WHAT TO PRODUCE:
Skip every picture while you write out the records below, from the first line through the one that contains "前扉を開き、リングを外して袋", both ends kept.

Data items:

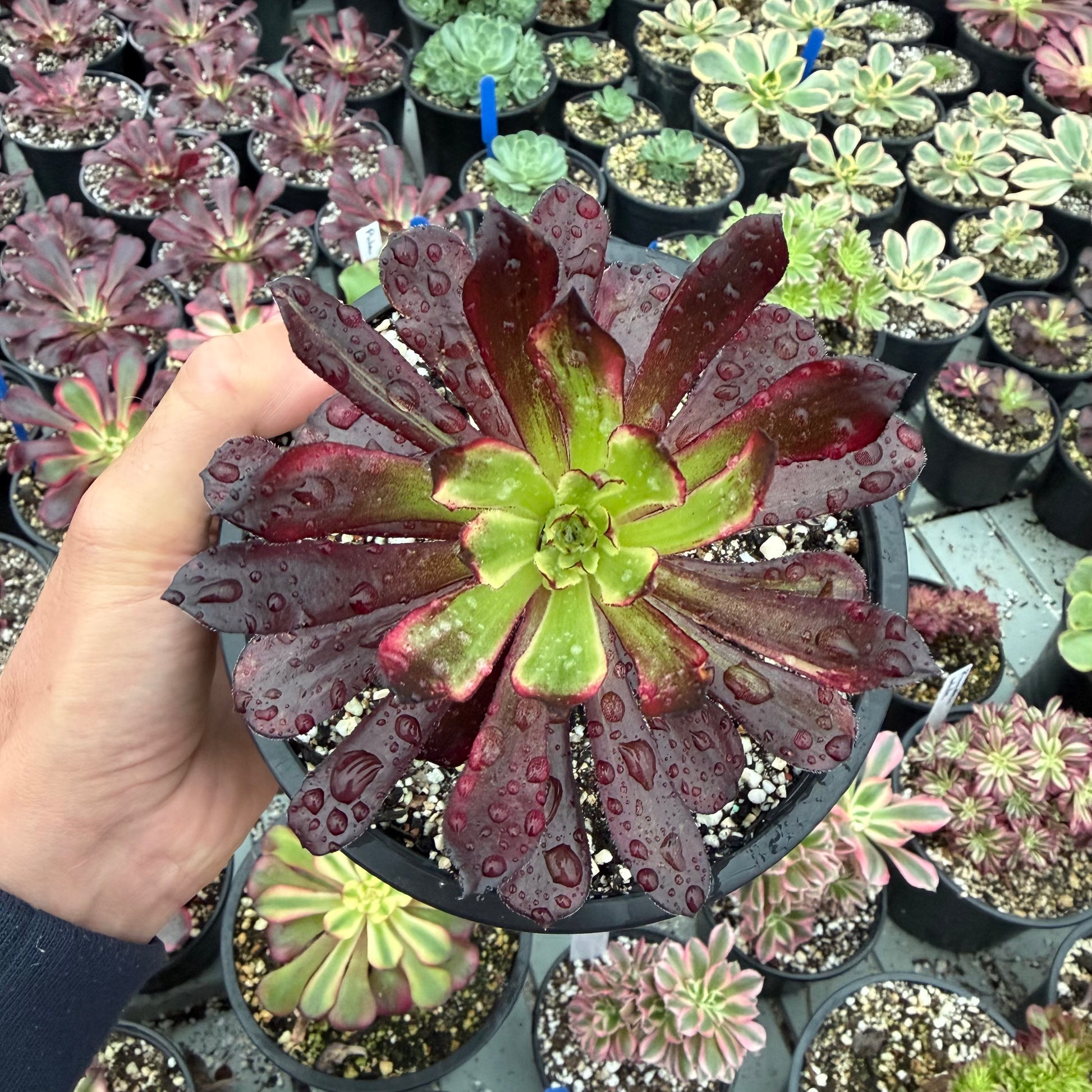 Les aeoniums bien que magnifiques restent des plantes et évoluent avec les saisons. En période de croissance les couleurs peuvent s'estomper pour s'intensifier à nouveau à l'approche de l'été. L'aspect peut lui aussi varier, notamment en cas de fortes chaleurs, les rosettes laissent tomber un nombre considérable de feuilles et peuvent se refermer afin de lutter contre l'évaporation.
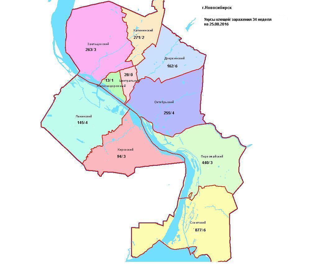 Наибольшее количество покусов регистрируется на территории Новосибирского, Искитимского, Тогучинского, Мошковского, Ордынского, Коченевского, Маслянинского районов области и Советском, Первомайском, Калининском, Заельцовском, Октябрьском районах г. Новосибирска и в г.Бердске.
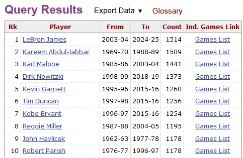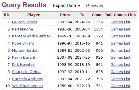 10+榜,詹姆斯1515次高居榜首:
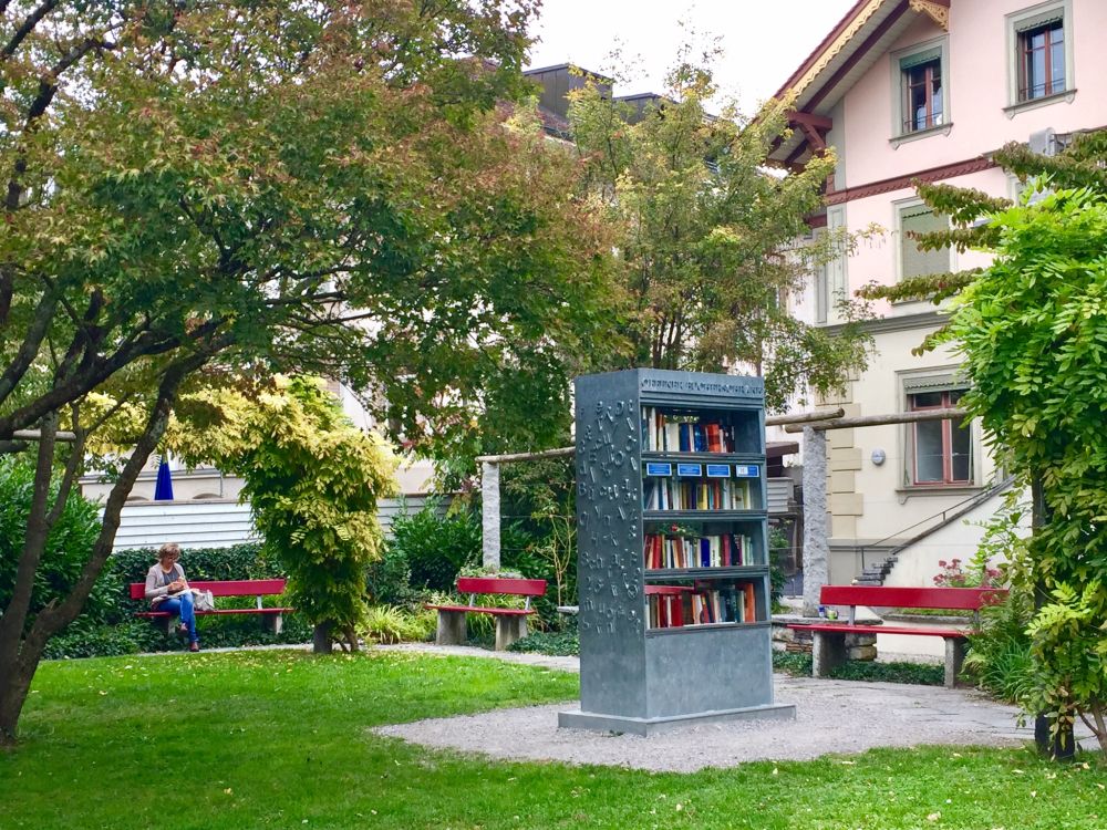 路边公园里的公共书柜。瑞士人喜欢阅读。火车上,公园里,随处可见人手一书。喜欢读书的人,心静神怡。
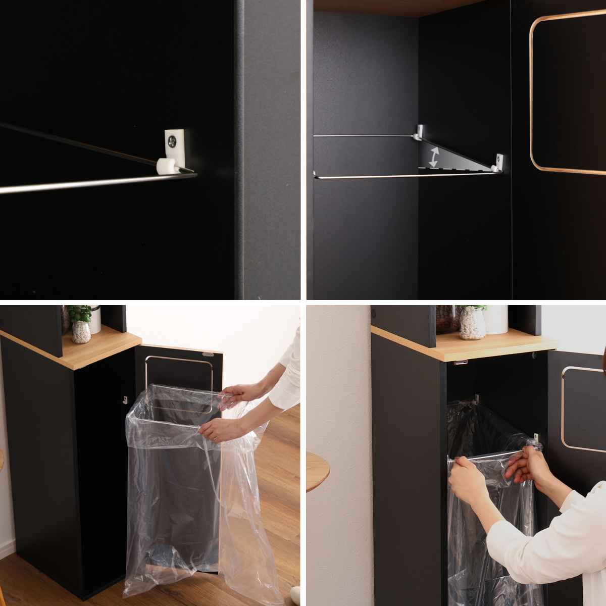 前扉を開き、リングを外して袋をかぶせ、中のフックに引っ掛けるだけで簡単にゴミ袋のセットが完了します。磁石付きなので沢山捨ててもしっかり閉まります。
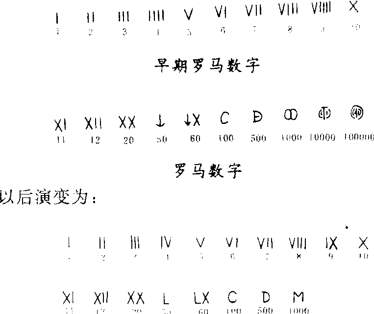 释义 | 罗马数字luómǎshùzì〈名〉古代罗马人使用的计数的符号,从一到十分别是:Ⅰ、Ⅱ、Ⅲ、Ⅳ、Ⅴ、Ⅵ、Ⅶ、Ⅷ、Ⅸ、Ⅹ。 罗马数字luó mǎ shù zì古代罗马人记数用的符号。1610年,在利玛窦的《理法器撮要》一书中,已印有罗马数字的手写体(见该书“平晷加节气线法”一节),但当时还没有关于罗马数字的名称。“罗马数字”这一名称出现在后,如1890年《日本国志》卷三十三:“蝦夷之地今尚沿用其五字以外或亦有变换点画如罗马数字,或画作○口,或作鸟兽草木形之类,然俱不可考。”1902年吴汝纶《东游丛录·函札笔谈》:“小学不过教授罗马数字及横文二十六字。”1931年《英汉对照百科名汇》:“Roman numerals,罗马数字。”◇罗马数目字、罗马古码、大码(相对于“小码”而言,“小码”即阿拉伯数字)。 罗马数字 罗马数字Luoma shuzi直到现在,在一些旧式钟表或其他特殊场合还可以看到罗马数字。与印度-阿拉伯数码完全不同, 罗马数字中完全没有位值的概念,每一个数字符号的含义是完全固定的,一般的记数基本上是由这些符号的累积按加法原则实现的, 公元前146年,罗马人占领了马其顿人统治下的希腊,公元前1世纪又相继占领了马其顿人统治下的巴比伦和埃及,公元前30年,罗马帝国建立,以后地中海沿岸逐渐采用了罗马数字, 并扩展到欧洲绝大部分地区, 直到公元12世纪以后才逐渐被印度-阿拉伯数码所淘汰。 罗马数字在本质上是十进制的, 但是, 它不仅为10的每一幂次规定了一个符号,而且对5、50、500也都规定了相应的符号,对于更大的数就不清楚了。早期罗马数字计数时完全是利用加法原则由符号的累积实现的,后来为了简便,利用10的各个幂次及其5倍,根据减法原则,、Ⅴ、ⅩⅩⅩⅩ、LⅩⅩⅩⅩ、CCCC、DCCCC分别被写成Ⅳ、Ⅸ、ⅩL、ⅩC、CD、CM。 用罗马数字计算加减法,只需注意到 ![]() 由于完全没有位值的概念,乘除法运算十分繁难,因而在中世纪的欧洲流行着这样的打油诗: 乘法原可恼, 除法亦不良。 黄金律, 太讨厌, 练习真使我发狂。 其中“黄金律”即四项比例算法。在现代也曾有学者证明, 可以用罗马数字设计出一套相当简便的乘除法运算程序, 其简便程度不亚于使用十进位值制的印度一阿拉伯数码, 但这恐怕也只是现代人的发明罢了。 ☚ 印度—阿拉伯数码 大数表示法 ☛ 罗马数字Roman numerals 罗马数字Roman numerals |
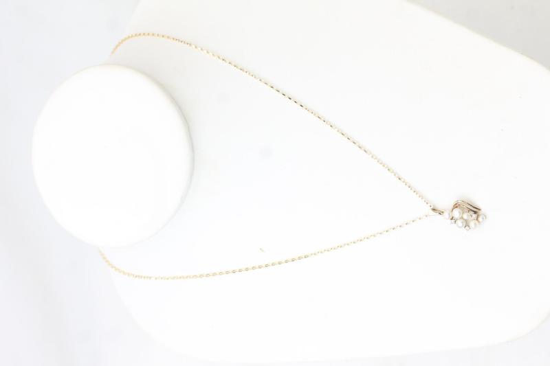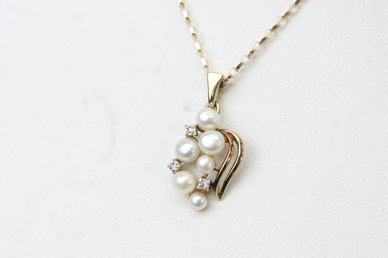 Lot 124 - 9CT GOLD, PEARL & DIAMOND PEND. & CHAIN £65
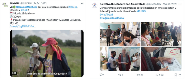 A la par, las propias familias buscadoras realizaron proyecciones de Ruido en espacios públicos significativos para sus procesos de búsqueda. Incluso, en alianza con la directora Natalia Beristáin y Netflix, realizaron la campaña digital #HagamosMásRuido, que consistió en extender la discusión en torno al filme, tanto en redes digitales como en foros públicos donde las madres buscadoras dieron sus testimonios de búsqueda.
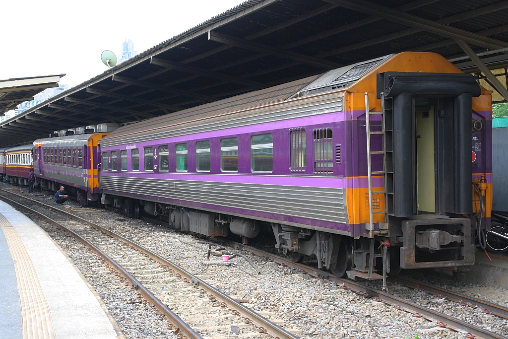 Der bei einem außergewöhnlichem Ereignis beim Verschub am 15.Mai 2018 in Bangkok Hua Lamphong entgleiste บนท.ป. 1018 (บนท.ป.=ANS./Air-conditioned Second Class Day & Night Coach).

SOLUTION TO THE PROBLEM:
 Les aeoniums bien que magnifiques restent des plantes et évoluent avec les saisons. En période de croissance les couleurs peuvent s'estomper pour s'intensifier à nouveau à l'approche de l'été. L'aspect peut lui aussi varier, notamment en cas de fortes chaleurs, les rosettes laissent tomber un nombre considérable de feuilles et peuvent se refermer afin de lutter contre l'évaporation.
 Наибольшее количество покусов регистрируется на территории Новосибирского, Искитимского, Тогучинского, Мошковского, Ордынского, Коченевского, Маслянинского районов области и Советском, Первомайском, Калининском, Заельцовском, Октябрьском районах г. Новосибирска и в г.Бердске.
 10+榜,詹姆斯1515次高居榜首:
 路边公园里的公共书柜。瑞士人喜欢阅读。火车上,公园里,随处可见人手一书。喜欢读书的人,心静神怡。
 前扉を開き、リングを外して袋をかぶせ、中のフックに引っ掛けるだけで簡単にゴミ袋のセットが完了します。磁石付きなので沢山捨ててもしっかり閉まります。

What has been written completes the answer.